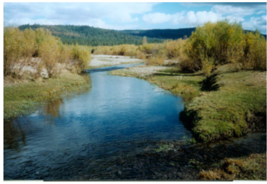
Lower Sulphur Creek developing an inset channel and floodplain. Fresh gravel upstream.

<u>Bankfull flow</u> occurs approximately ______ every one to two years.
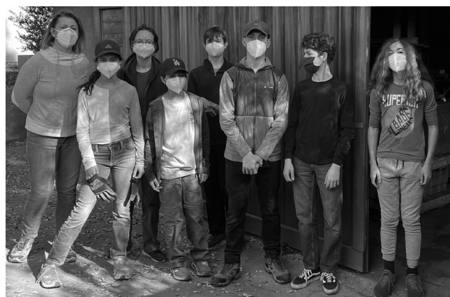
Members of Scout Troop 509 held a service day at the Lanterman House over the holiday break. Their project was to clean out the old Lanterman family shed and prepare it for more long-term storage upgrades. Thank you Scouts!
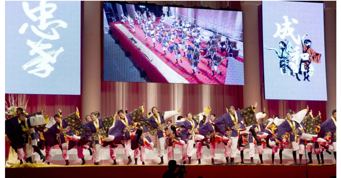
Middle and high-school students performing a dynamic group dance
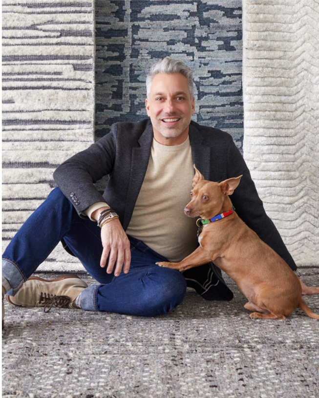
Thom Filicia, Thom Filicia Inc
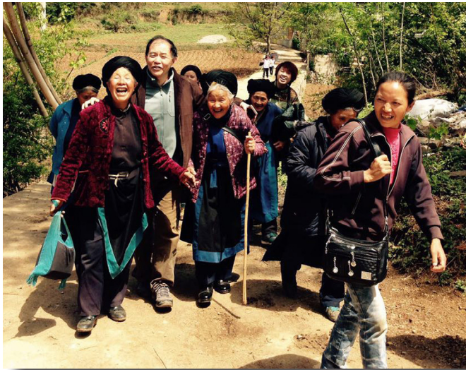
As we walk alongside them, there is no greater joy than bringing them your warmest greetings and gifts as they shower us with theirs -- God's love and hospitality.
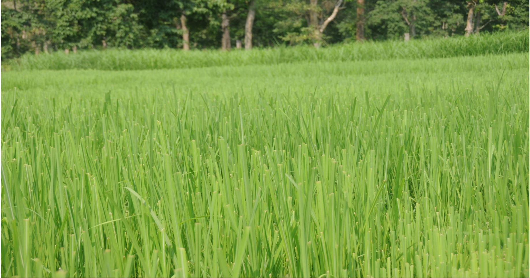
2016 Grass Fodder Nursery under Wildlife-III DMU
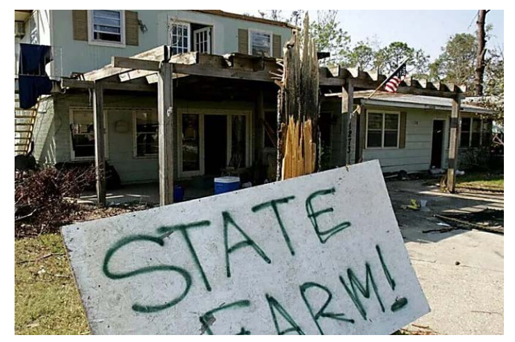
Once dominated by behemoths, Louisiana insurance increasingly provided by unproven carriers

With classic cateye design, these stylish glasses are made... Sponsored | Zeelool
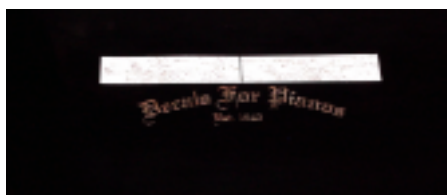
#7. Slowly remove the last piece of tape used to mark the proper location of the decal.
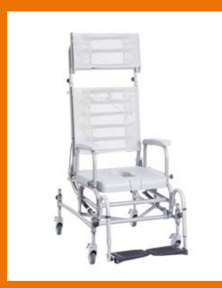
AquAlign shown in upright position with tall headrest.
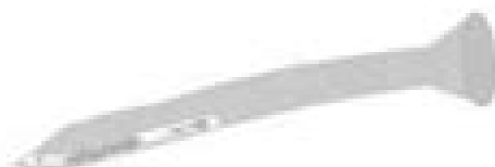
An old nail gets rusty.
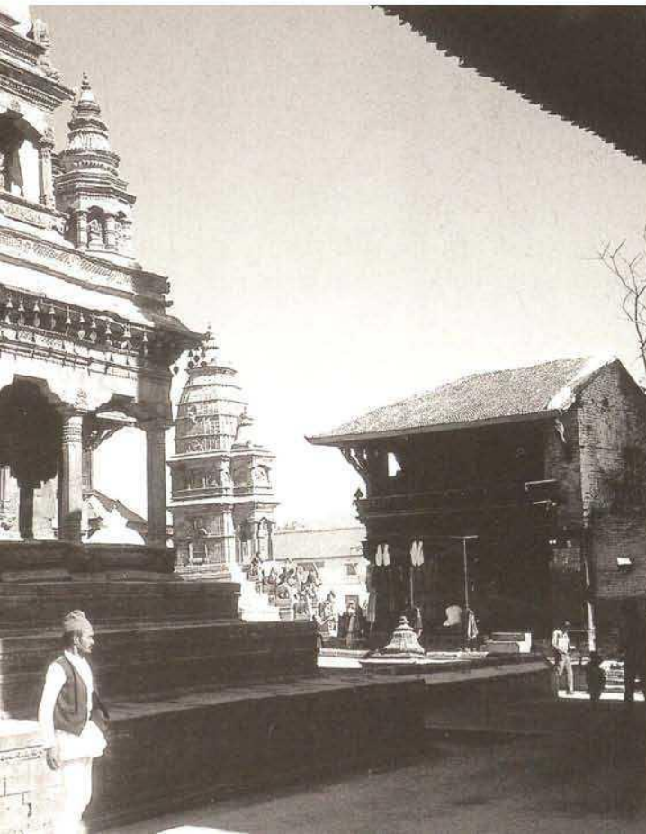
Patan, Durbar Square

(Information taken from: UNESCO heute No 1/2000; World Monuments Watch, 2000 List)
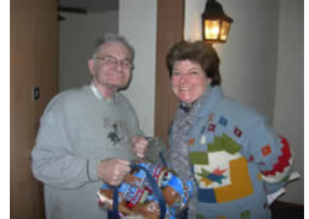
A local senior receives a Holiday Basket in December, 2009.

Additional support for RSVP provided by the State of Wisconsin Department of Health Services Division of Long Term Care and the Waukesha County Community Development Block Grants.
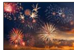
Have a Happy New Year!
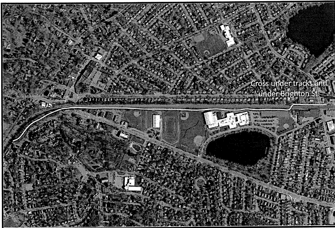
Figure 9-14: Eastern Belmont on South Side of Fitchburg Line.
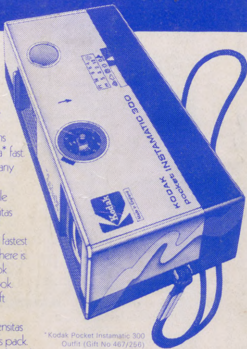
*Kodak Pocket Instamatic 300 Outfit (Gift No 467/256)

MIDDLE TAR As defined by H. M. Government EVERY PACKET CARRIES A GOVERNMENT HEALTH WARNING
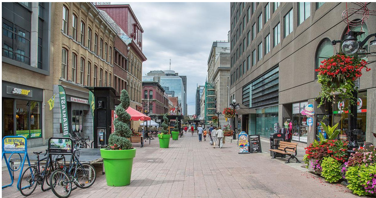
Figure 2: Sparks Street/Rue Sparks in Ottawa, Ontario

In 1967, Ottawa looked to Sparks Street, a former main street in Ottawa, home to various historical figures and a commercial destination to become their first PP. Initially only pedestrianized in the summer, the city converted it into a permanent pedestrian precinct thereby establishing it as Canada's first outdoor pedestrian mall post-industrialization. More recently, areas with significant
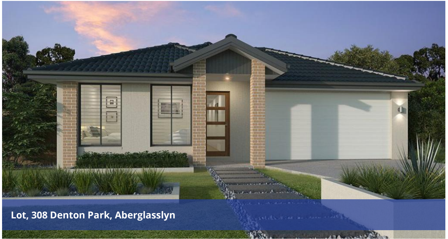
Lot, 308 Denton Park, Aberglasslyn
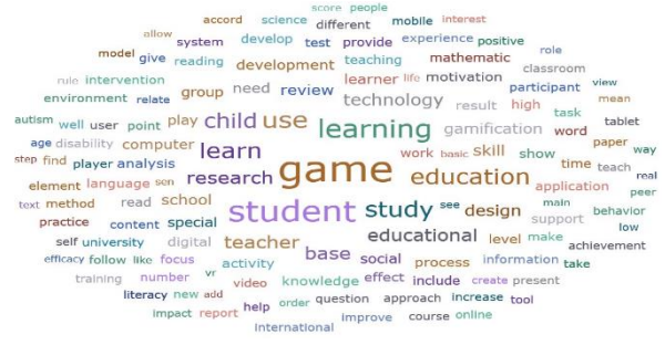
Fig. 3. Word frequencies based on 35 articles

Based on the word cloud in Figure 3, the current study from 2014 to 2023 focuses more on the term "game" (3278 times), "student" (2494 times) and "learning" (1917 times). Other words that were frequently captured were "education", "child", "use", "learn", "research", "study", "education", "teacher", "technology" and "gamification".
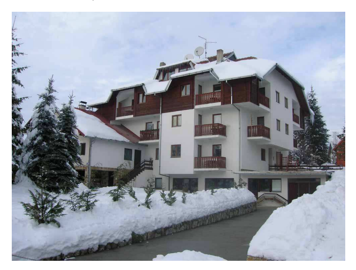
Photo 7. Zlatibor, Western Serbia. Private hotel type apartments for rent to tourists, similar to many buildings in mountainous parts of the country but in the cities as well

The term "Serb village" cannot be defined in an explicit way as a village where most of the population earns for living by plant cultivation and animal husbandry, because the things now are just not quite so. Modern Serbian village, its architecture, constructive materials, spatial layout, function and manner of exploitation are very different in different regions of the country. Natural conditions, time of maturation, the type of conducting agricultural activities (if it still exists somewhere), and social structure – all these factors affect the development of the country.

▶ Aim of the task: Your answer must be the full set of entries, set down exactly and without pictures.

▶ Solution to this task:
Lower Sulphur Creek developing an inset channel and floodplain. Fresh gravel upstream.

<u>Bankfull flow</u> occurs approximately ______ every one to two years.
Members of Scout Troop 509 held a service day at the Lanterman House over the holiday break. Their project was to clean out the old Lanterman family shed and prepare it for more long-term storage upgrades. Thank you Scouts!
Middle and high-school students performing a dynamic group dance
Thom Filicia, Thom Filicia Inc
As we walk alongside them, there is no greater joy than bringing them your warmest greetings and gifts as they shower us with theirs -- God's love and hospitality.
2016 Grass Fodder Nursery under Wildlife-III DMU
Once dominated by behemoths, Louisiana insurance increasingly provided by unproven carriers

With classic cateye design, these stylish glasses are made... Sponsored | Zeelool
#7. Slowly remove the last piece of tape used to mark the proper location of the decal.
AquAlign shown in upright position with tall headrest.
An old nail gets rusty.
Patan, Durbar Square

(Information taken from: UNESCO heute No 1/2000; World Monuments Watch, 2000 List)
A local senior receives a Holiday Basket in December, 2009.

Additional support for RSVP provided by the State of Wisconsin Department of Health Services Division of Long Term Care and the Waukesha County Community Development Block Grants.
Have a Happy New Year!
Figure 9-14: Eastern Belmont on South Side of Fitchburg Line.
*Kodak Pocket Instamatic 300 Outfit (Gift No 467/256)

MIDDLE TAR As defined by H. M. Government EVERY PACKET CARRIES A GOVERNMENT HEALTH WARNING
Figure 2: Sparks Street/Rue Sparks in Ottawa, Ontario

In 1967, Ottawa looked to Sparks Street, a former main street in Ottawa, home to various historical figures and a commercial destination to become their first PP. Initially only pedestrianized in the summer, the city converted it into a permanent pedestrian precinct thereby establishing it as Canada's first outdoor pedestrian mall post-industrialization. More recently, areas with significant
Lot, 308 Denton Park, Aberglasslyn
Fig. 3. Word frequencies based on 35 articles

Based on the word cloud in Figure 3, the current study from 2014 to 2023 focuses more on the term "game" (3278 times), "student" (2494 times) and "learning" (1917 times). Other words that were frequently captured were "education", "child", "use", "learn", "research", "study", "education", "teacher", "technology" and "gamification".
Photo 7. Zlatibor, Western Serbia. Private hotel type apartments for rent to tourists, similar to many buildings in mountainous parts of the country but in the cities as well

The term "Serb village" cannot be defined in an explicit way as a village where most of the population earns for living by plant cultivation and animal husbandry, because the things now are just not quite so. Modern Serbian village, its architecture, constructive materials, spatial layout, function and manner of exploitation are very different in different regions of the country. Natural conditions, time of maturation, the type of conducting agricultural activities (if it still exists somewhere), and social structure – all these factors affect the development of the country.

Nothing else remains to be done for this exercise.